Darin zeigt sich auch das Problem der simplifizierenden Definitionen von „Extremismus“: In Österreich gibt es drei Referate. Jeweils für Rechtsextremismus, dem „politischen Islam“ und Linksextremismus (In Deutschland gibt es noch relativ diffus „ausländische Ideologie“). Das führt dazu, dass verschiedenste politische Strömungen, die friedlich und demokratisch sind, in diese drei eindimensionalen Kategorien gepresst werden müssen. Und dass andere politische Ideologien unkritisch entpolitisiert werden.

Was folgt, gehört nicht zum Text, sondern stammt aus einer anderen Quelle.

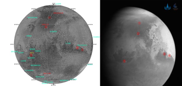 The photo was taken from about 1.4m miles away (2.2m kilometres), said the CNSA, with the spacecraft since reaching 1.1 million kilometres from the planet.
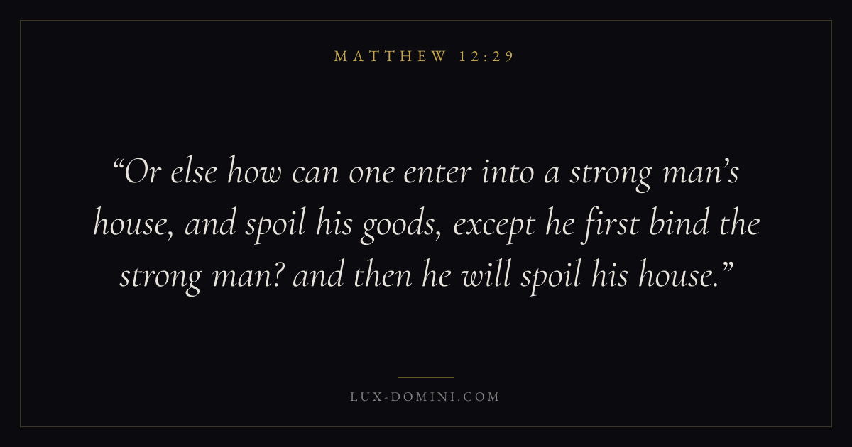 Or else how can one enter into a strong man’s house, and spoil his goods, except he first bind the strong man? and then he will spoil his house.

Unzureichende Extremismus-Definition

So kommt es, dass beispielsweise Klimaaktivist*innen (Ende Gelände, Fridays For Future), antifaschistische Gruppen (und Demos gegen rechts allgemein), Anarchisten, Kommunisten, Anti-AKW-Proteste, G20-Proteste, Antigentrifizierungs-Demonstrationen, Anti-Militarismus-Demos und mehr alles unter „Linksextremismus“ fällt. Auch wenn viele dieser Dinge nichts miteinander zu tun haben und völlig unterschiedliche Motivationen darstellen. Während sich Rechtsextremismus beispielsweise auf Neonazis und Reichsbürger beschränkt. Rassismus aber übrigens nicht unbedingt zum Beispiel.

Der Vorfall führt aber bereits – zumindest in Österreich – zu einem Umdenken: So soll der Bericht in Zukunft um eine Rubrik erweitert werden. Das ist begrüßenswert, aber es löst ein grundlegendes Problem nicht, dass diese Sicht auf „Extremismus“ auch dazu führt, dass alles, was als „Extremismus“ gebrandmarkt wird, auf eine gleiche Stufe gestellt wird. In Zeiten, in denen die Zahl der Rechtsextremisten in Deutschland um ein Drittel gestiegen ist (Quelle) und es auch in Oberösterreich laut SPÖ-Sprecher „die höchste Zahl an rechtsextremen Handlungen“ gibt, ist eine Gleichsetzung gefährlich. Es sind einfach unterschiedliche Dimensionen an Kriminalität und Gewalt, die diese Einteilung nicht reflektiert.

Zahlen von 2018, Grafik von Frank Stollberg, Quelle

Fazit

Extermismusexperten kritisieren, dass Todfeinde wie Faschisten und Kommunisten durch diese Definition in einen Topf geworfen werden, aber von ihrer Ideologie dem Faschismus ähnliche Strömungen wie Nationalkonservativismus werden herausgerechnet. „Extremismus“ wird somit zum „inhaltsleeren Kampfbegriff“ und „Diffamierungsintrument“, der nicht nur ideologische Differenzen ausblendet, sondern auch die Dimensionen der Bedrohung (Mehr dazu bei der Bundeszentrale für politische Bildung).

Die friedlichen und demokratischen „Omas gegen rechts“ werden also zum Glück noch nicht als „linksradikal“ angesehen. Aber bereits jetzt wird von vielen politischen Akteuren diese vereinfachte Weltsicht genutzt, um Klima-Aktivismus oder auch Demonstrationen gegen Rechtsextremisten auf eine Stufe zu stellen mit genau diesen: Rechtsextremisten. Dieses Denken ist höchst gefährlich, weil es demokratischen Widerstand tabuisiert. Und letztlich nur denjenigen hilft, die damit eigentlich bekämpft hätten werden sollen.